How to satisfy a disclaimer requirement

 

What is a disclaimer?

A disclaimer is a statement that you include in your application to indicate that you do not claim exclusive rights to an unregistrable portion of your mark. For example, if you sell shirts and your mark includes the generic word "SHIRTS," you could not object to someone else also using the word “SHIRTS” as part of his/her mark.  The word is still part of both marks, but no one is claiming exclusive rights in that word, because it is an 'unregistrable' component of an overall mark. (See below for typical examples of unregistrable matter that must be disclaimed.)
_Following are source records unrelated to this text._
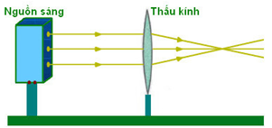 + Một chùm tia tới song song với trục chính của thấu kính hội tụ cho chùm tia ló hội tụ tại tiêu điểm của thấu kính.
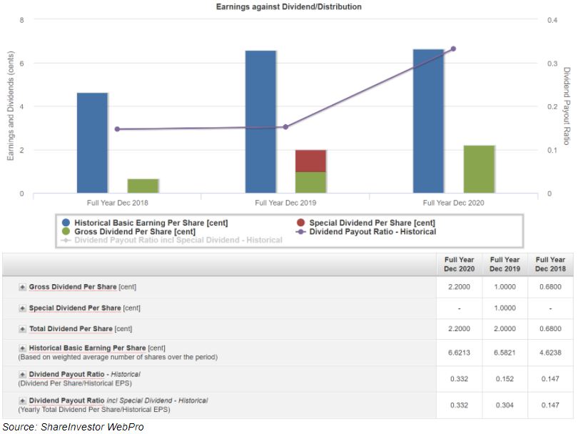 The higher dividend was mainly attributed to an improvement in its earnings and the higher dividend payout ratio, from 14.7% in FY2018 to 33.2% in FY2020.
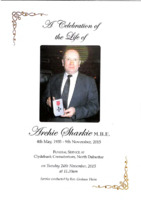 Funeral card of the Archie Sharkie's funeral Funeral card of the Archie Sharkie's funeral service, 24/11/2015 -
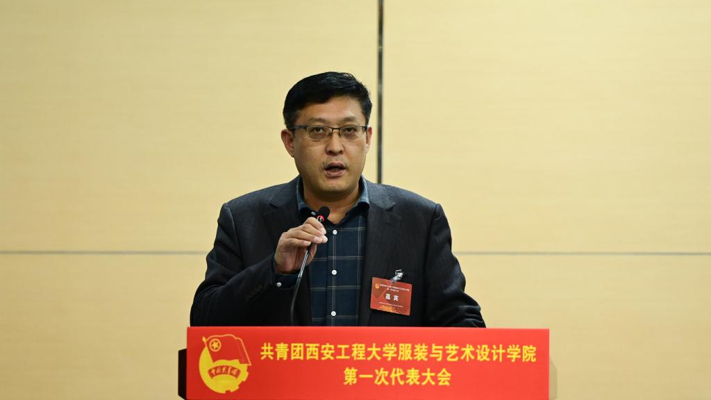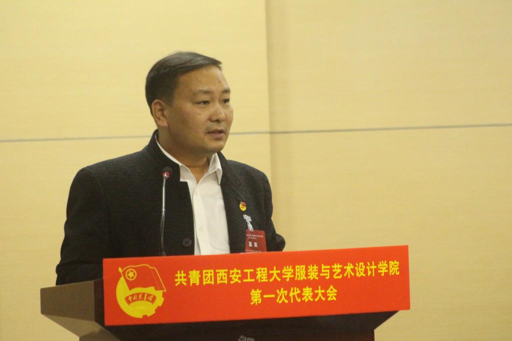 服装与设计学院党委书记苏博进行致辞,他首先介绍了参加本次大会的青年教师代表,接着从“团”字出发,分享了他对于共青团的认识。他讲到:团的力量举足轻重,共青团是在我们党的伟大事业中历经锤炼和考验的重要力量,我们要围绕中心工作抓好团建,在新形势下,共青团必须一如既往地围绕党的中心任务开展工作,并不断改革创新。他希望共青团员要立志争先,广大团员青年要清醒地认识到自己的特殊身份,有志有为,敢做敢拼,勇作表率,敢为人先。学院需多措并举培育骨干,要精心打造一支政治强、业务精、作风好的专兼职团干部队伍。最后,他希望广大团员青年团结奋斗,携手并进,奋力书写新时代服装学院高质量发展新篇章,与学校各部门、兄弟学院一起继续朝着特色鲜明、国内知名的教学研究型大学迈步奋进。
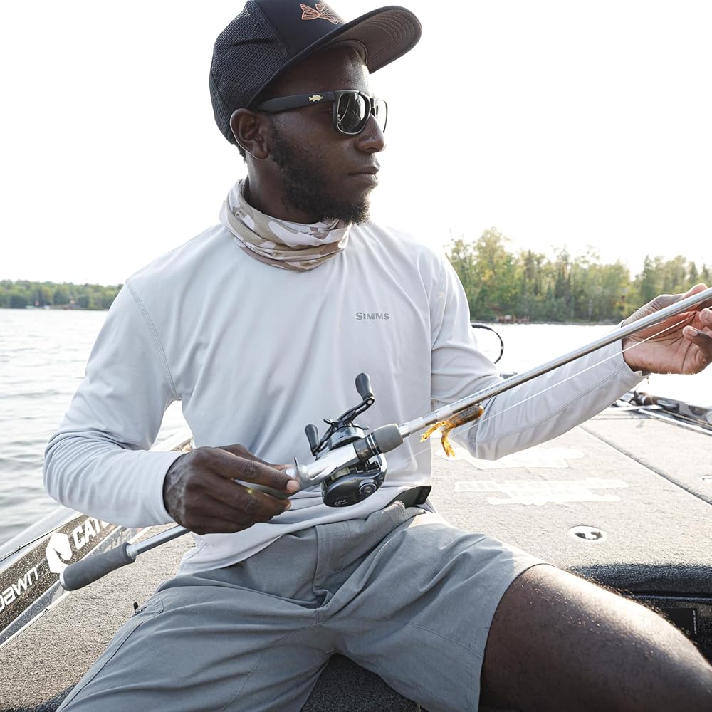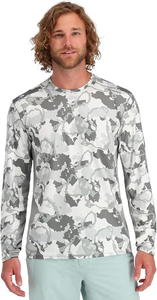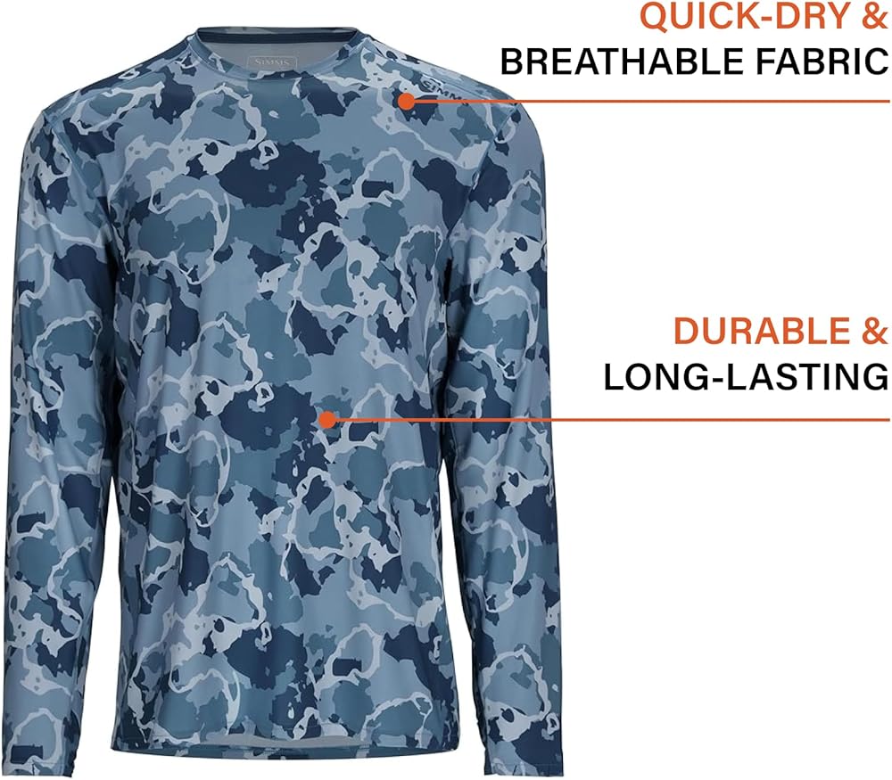 قميص صيد السمك Simms SolarFlex بأكمام طويلة ورقبة مستديرة للرجال: حماية من أشعة الشمس بعامل حماية من أشعة الشمس 50+، سريع الجفاف، مقاوم للرائحة (فوج مموه نبتون، كبير)
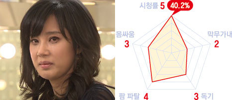 최고의 ‘쌈닭’ 캐릭터답게 상대방이 누구든 머리채부터 잡고 본다. 우렁찬 사자후도 빼놓을 수 없다. 광기 어린 연기를 펼치며 싸우는 장면이 하도 많아 촬영 내내 온몸이 멍투성이었을 정도다. 열정을 불살라 ‘국민악녀’에 등극, 그 해 연기대상을 차지했다.
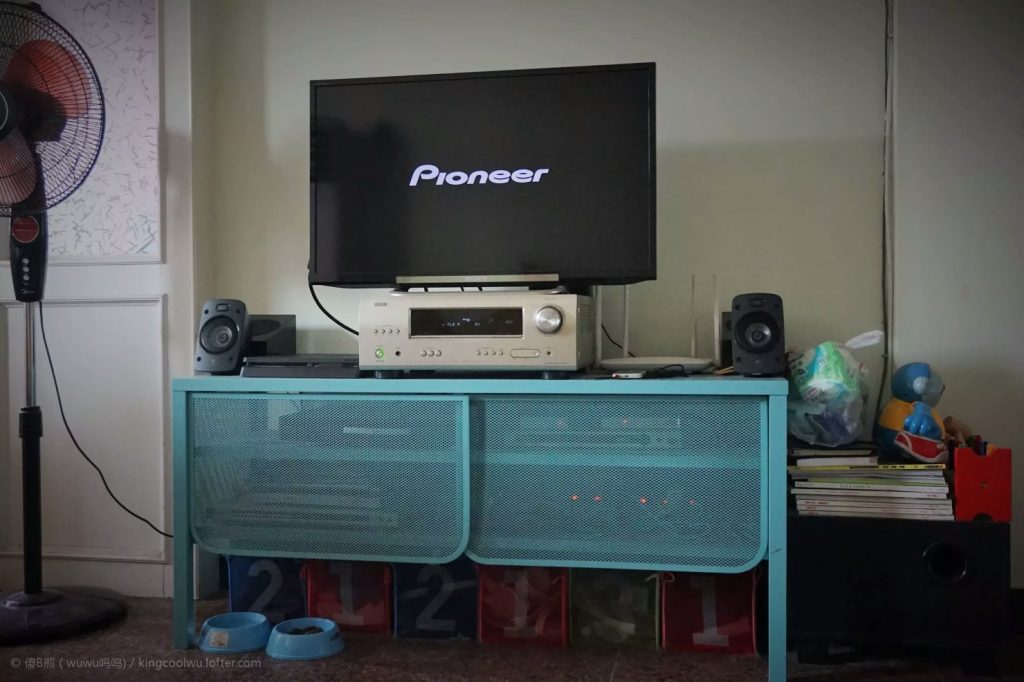 现在使用硬件只有功放和低音炮还是原来,天龙1911功放已使用第八年了还能继续用,期间其实都买个几款功放,但因为现时功放都偷工减料,再者电视为了和我眼睛同一水平线,故放在功放上,新功放材质无法和旧款比基本不可能将电视放在上面,再者效果也达不到我想要的故一直没有换;低音炮也用了很多年了,05年买的漫步者,因为本身8寸喇叭质素很好喇叭对地增压,就换了电路板和加个300W环形电源,内部也加了木条增强,现在在箱体顶部放一堆杂志压住基本够用;反射箱是DIY的,订制了箱体和反射能力强3寸优雅喇叭;主箱原本是三菱大通双3寸音柱,结果中置箱被儿子用桶坏了,左右两个箱多次被他当玩具推翻摔坏了,结果换了罗技带THX认证音箱,虽然不给三菱大通,但好歹也是THX认证比起一些卫星箱还是有优势的,但THX有缺点的,就是对高频衰减,所以听歌不是太好比较暗淡。
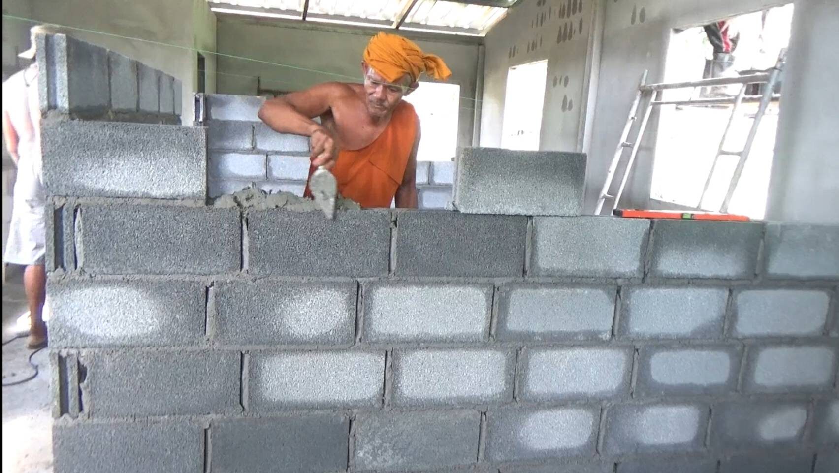 ซึ่งพระเคารพ ได้แวะเวียนมาเกือบทุกวัน เพื่อช่วยก่ออิฐ ฉาบปูน ขนหินดินทรายช่วยชาวบ้าน เพื่อให้สองแม่ลูกได้อยู่อาศัยโดยเร็วที่สุด โดยสองแม่ลูกต่างรู้สึกดีใจ และมาดูการสร้างบ้านหลังใหม่ทุกวัน เนื่องจากก่อนหน้านี้ ผู้เป็นแม่มีความฝันว่าอยากจะมีบ้านหลังใหม่สักหลัง เพราะลูกสาวกำลังโตขึ้น และใช้ชีวิตในบ้านหลังเก่าอย่างยากลำบาก แต่ความฝันยังริบหรี่เพราะมีฐานะยากจน
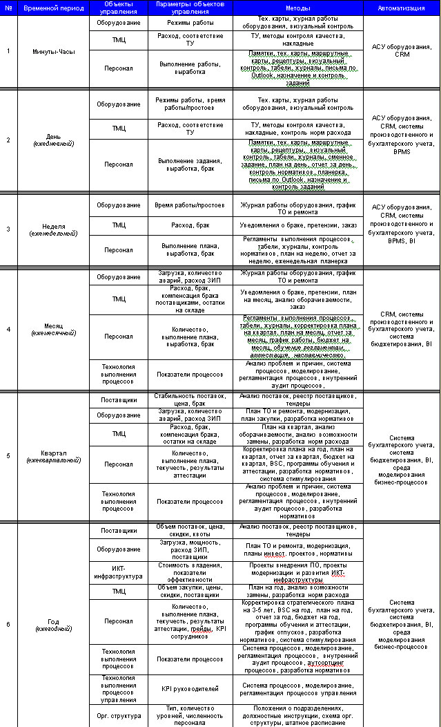 ом интервале «Минут-час» и «День» объектами управления являются оборудование, ТМЦ, персонал. Цель – выполнение деятельности и достижение запланированных результатов. В рамках этих временных периодов руководитель использует для управления: тех. карты, журналы работы оборудования, визуальный контроль, контроль соответствия ТУ, методы контроля качества ТМЦ, проверку правильности заполнения первичных документов (накладные), контроль норм расхода ТМЦ, табели, различные журналы, сменные задания, планы и отчеты за день, контроль нормативов, ежедневную планерку, отправку писем и контроль получения ответов по Outlook и проч. Однако процедуры (алгоритмы) выполнения процесса, различные требования и нормативы не являются объектами управления в рамках рассматриваемых временн
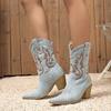 Fashion New 2025 Winter Design Denim Pointed Toe Ankle Boots Women Hand Embroidery Western Square High Heels Shoes Women's Cowboy Boot
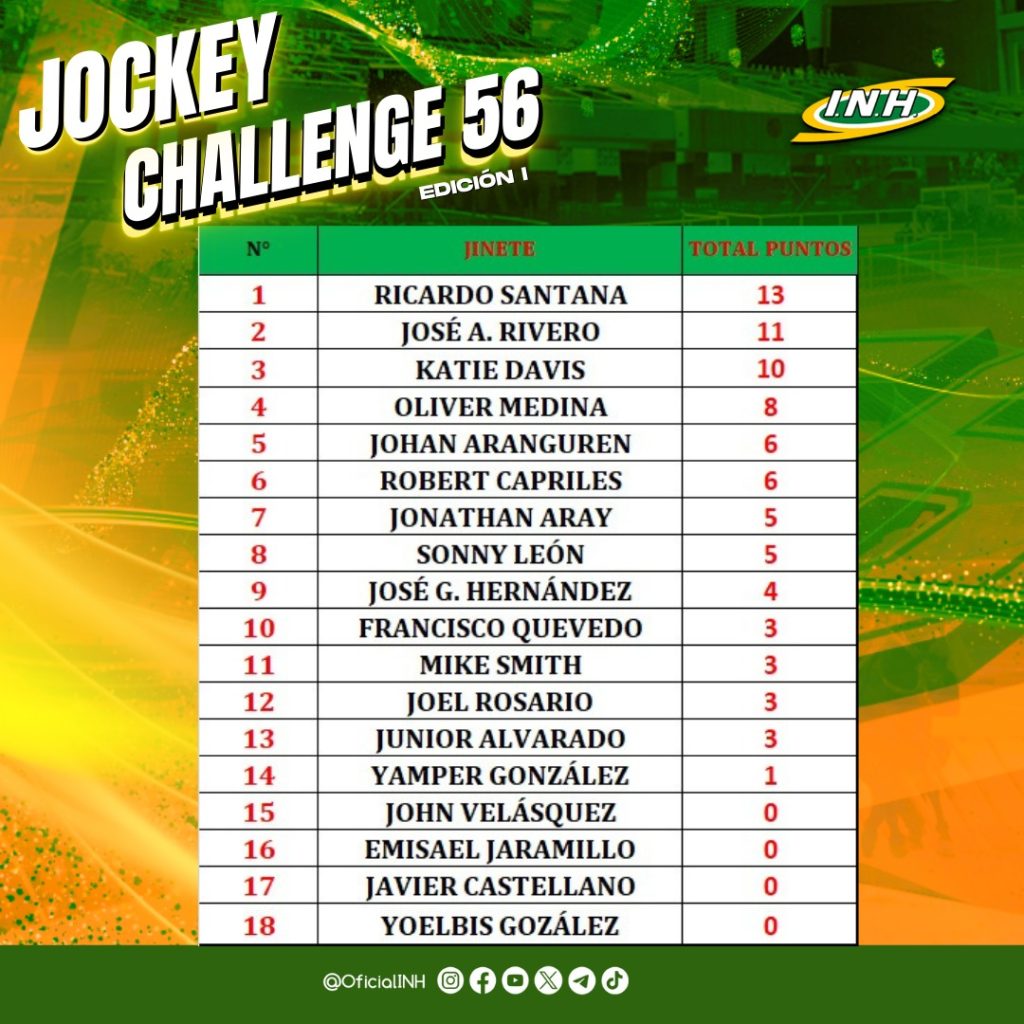 La RinconadaVenezuela Ricardo Santana Jr. gana el primer Jockey Challenge 56 diciembre 15, 2025 Juan Carlos Feijoó G.
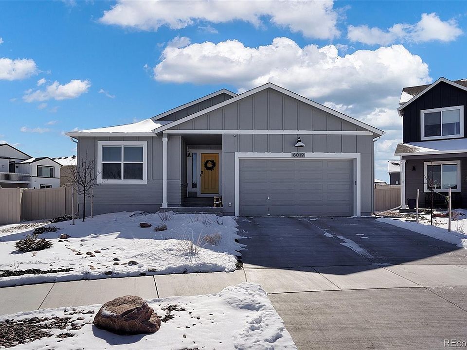 Don't miss out on this stunning, like-new home located in Cumbre Vista. Main level living located on nearly a quarter acre lot. The oversized 2 1/2 car garage provides plenty of storage with custom shelving and space for your bikes or motorcycle. Upgrades abound in this gorgeous home- upgraded lighting, HE furnace, HE water heater, central air, plus extra storage room in the basement that has been pre-plumbed and insulated for a future mother-in law suite. High ceilings, floor-to-ceiling windows, and crisp white walls give this home a grand and airy feel. Convenient mud room with laundry space, closet and storage on main level. Open floor plan with a dream kitchen! The kitchen features a double pantry, granite counters, island with bar seating, and upgraded appliances such as a five top gas range with vent hood, a convection oven, Maytag refrigerator. Not to mention there is a great flex space for an office! The great room has vinyl floors, a gas fireplace, and floor-to-ceiling windows. The dining space has walk-out access to the covered back patio, complete with a motorized sun shade and remote control. Large main level master with custom sliding barn door with modern design leading to your attached bathroom and walk-in closet. Another bedroom and full bath on the main level. The basement offers an expansive family room-- perfect for a theater room, home gym, hobby room, play room, or anything you can think of! There are two additional bedrooms, a full bathroom, and unfinished storage room on this level. Large back yard with automatic sprinkler system plus the playhouse and storage shed are included. Smart home features include a Nest thermostat, front doorbell, and driveway camera. D20 schools. Prime location- near Powers, Woodmen, Briargate corridor, I25, restaurants and shopping! Washer & dryer included. Added covers to all window wells. Don't miss out on this beauty! Buyer possession to be June 1st.

A disclaimer does not physically remove the unregistrable portion from your mark or affect the appearance of your mark or the way you use it. It is merely a statement that the disclaimed words or designs need to be freely available for other businesses to use in marketing comparable goods or services.

A disclaimer may be included in an application at the time of filing or may be added by amendment, e.g., to comply with a requirement by the examining attorney. If you do not provide a required disclaimer, the USPTO may refuse to register your entire mark.

The following is the disclaimer statement that you will need to add to your application record (use quotation marks for disclaiming wording in the mark and no quotation marks for disclaiming designs):

No claim is made to the exclusive right to use "______" apart from the mark as shown.

The disclaimer statement will appear on the registration certificate.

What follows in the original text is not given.